Today? All those money-grubbing institutions must fight me for every nickel and dime (don’t even get me started on dollars!). And I’m not just talking about the known predatory financial outfits. I’ve discovered that predatory practices are laced throughout traditional and reputable business companies too. Nowadays I read every bill closely. I can’t go back and recoup all of the thousands of dollars I lost during my drinking years and more recently, during my years of low self-worth feelings. But it’s thrilling to root out the occasional trickery and shenanigans in the establishment. And instead of feeling grateful to have dodged a few misfired bullets, I’m standing with my palm up and plucking bullets out of the air. Holla!

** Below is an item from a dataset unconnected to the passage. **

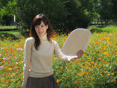 You can add brightness to the subject's face using the flash, but you can get more natural-looking shots by using a reflector plate. And, compared with pictures taken without a reflector plate, the subject's eyes seem to glitter more in pictures taken with a reflector plate. This is because the light that is reflected by the reflector plate is reflected into the sunlight. Not only can reflector plates reflect light onto the subject's face, but you can also count on them to create lively expressions.

Meditation has changed everything for me. I will never be the same again. No more insecure woman, walking on the planet as if I owe anyone thanks for being here, as if I am an intruder in society. Everyone of us deserves to be here, free to be who we are in our own way. We each have the ability to tap into our own inner-strengths by tuning the world out. (Even if it’s only a mere ten minutes a day, I urge you to put meditation into your routine.)

On a last note, I went for my annual checkup yesterday. First let me say, I have an excellent family doctor who I’ve been seeing for eight years, and who I adore. We enjoy swapping family stories whenever we see each other. My doctor is quite affable and popular among all of his patients. But he’s not perfect. He is conditioned by a patriarchal society which holds restricting views about the ideal look of a woman’s body. I get it. However, narrow socialized thinking doesn’t contaminate my perspective the way it used to.

Here’s a fraction of our exchange yesterday:

Doctor:   You look great, sounds like you’re taking care of yourself. Still exercising, which is good.

Me:   Yup, I feel pretty good.

Doctor:   Your weight is a little high though. You’ve put on a few pounds. 160, I would just keep an eye on that.

Me:   Nope. My weight is fine. I’m good with that number.

Doctor:   I don’t know, you should watch that. 160 is kind of high.

Me:   Nope. I like it. I think it’s fine.

Then we laughed and moved on to a different topic.

Bullets. Palm up. I know who I am. The world does not get to define me any longer.